**EXERCISE BRIEF:** What you return must match, exactly, the lines running from the one containing "Bouchage d'un trou" to the end of the data, both included, and must contain no pictures.
::: EXTRACTED INFORMATION
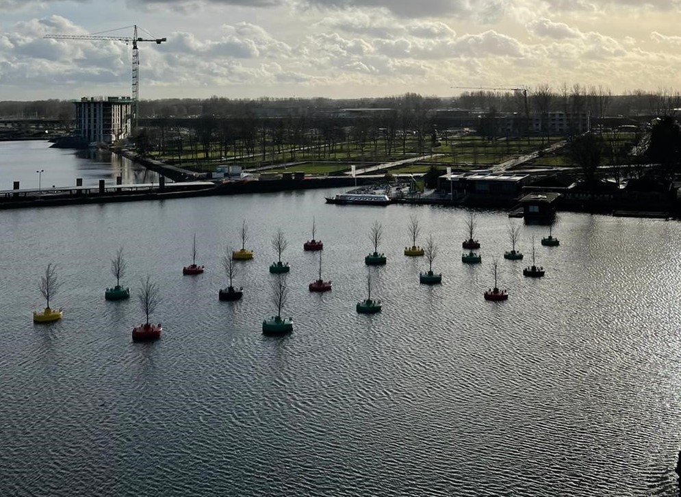 Vorige week werden de bomen opgeladen vanuit de Rotterdamse Rijnhaven. GKB heeft de boeien aangepast aan de nieuwe bestemming in de binnenwateren van Almere, terwijl boomkwekerij Van den Berk voor de bomen zelf zorgde. Afgelopen week reisden de bomen via Amsterdam naar Almere. GKB faciliteerde het transport en nam binnenvaartschepen in de hand om het kunstwerk te vervoeren. Aangekomen in het Oostvaardersdiep in Almere zijn de bomen met vrachtwagens vervoerd naar het Floriade terrein, waar ze tw water gelaten zijn.
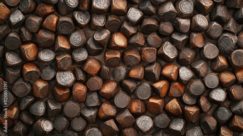 Close-up of assorted metal nuts arranged in a textured background showcasing industrial hardware details and craftsmanship
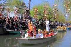 健やかな子どもたちの成長を願う、手作りの「さげもん」が水上に飾られ、雅楽の音色が響く中、お内裏様とお雛様、かわいい稚児たちによる華やかな水上パレードが行われます。柳川の初節句の様子が窺える、「柳川雛祭りさげもんめぐり」の見どころのひとつとなっています。「さげもん」は、柳川に古くから伝わる風習で、女の子が生まれると、初節句のお祝いに、祖母や親戚たちが一針、一針縫い上げたものが、雛壇の両脇に飾られます。
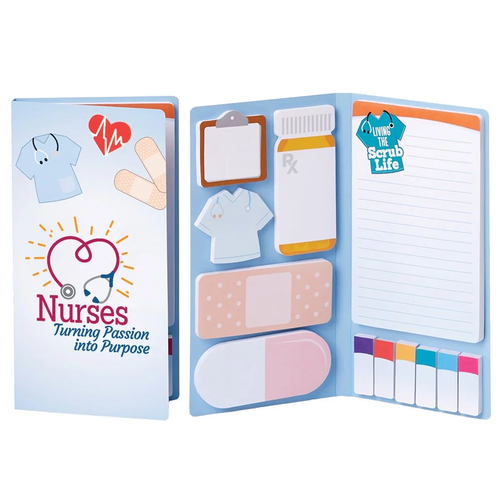 Sticky Note Gift Set: Protective padfolio cover opens to reveal sticky notes, flags, and pads in assorted shapes and sizes; Includes 6 healthcare designs & 6 color-coded flags, each with 50 sheets; 600 sheets total
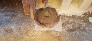 Bouchage d'un trou de passe-coque bouché il y a qqs années n'importe comment. Cette fois-ci en bizeautant intérieur et extérieur avec un ratio de 1/12 autour du trou puis strat avec superpostion de biax
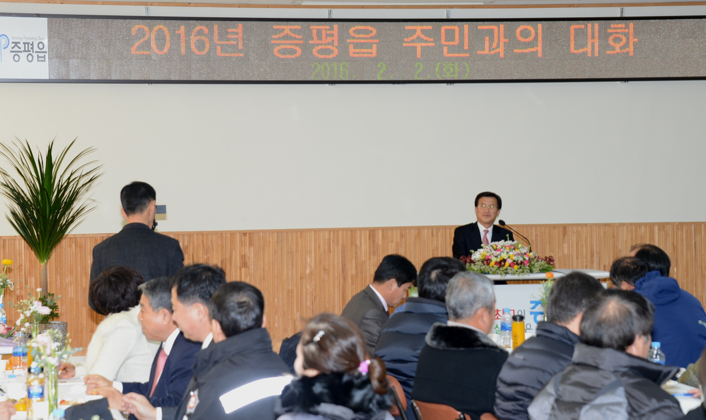 홍성열 증평군수는 2일 증평읍을 방문해 2016년도 주요업무 추진방향과 현안사업에 대해 설명하고 주민과의 대화를 가졌다.(보도자료실 참조)
::::::
**RESULT OF THE TASK:**
 Bouchage d'un trou de passe-coque bouché il y a qqs années n'importe comment. Cette fois-ci en bizeautant intérieur et extérieur avec un ratio de 1/12 autour du trou puis strat avec superpostion de biax
 홍성열 증평군수는 2일 증평읍을 방문해 2016년도 주요업무 추진방향과 현안사업에 대해 설명하고 주민과의 대화를 가졌다.(보도자료실 참조)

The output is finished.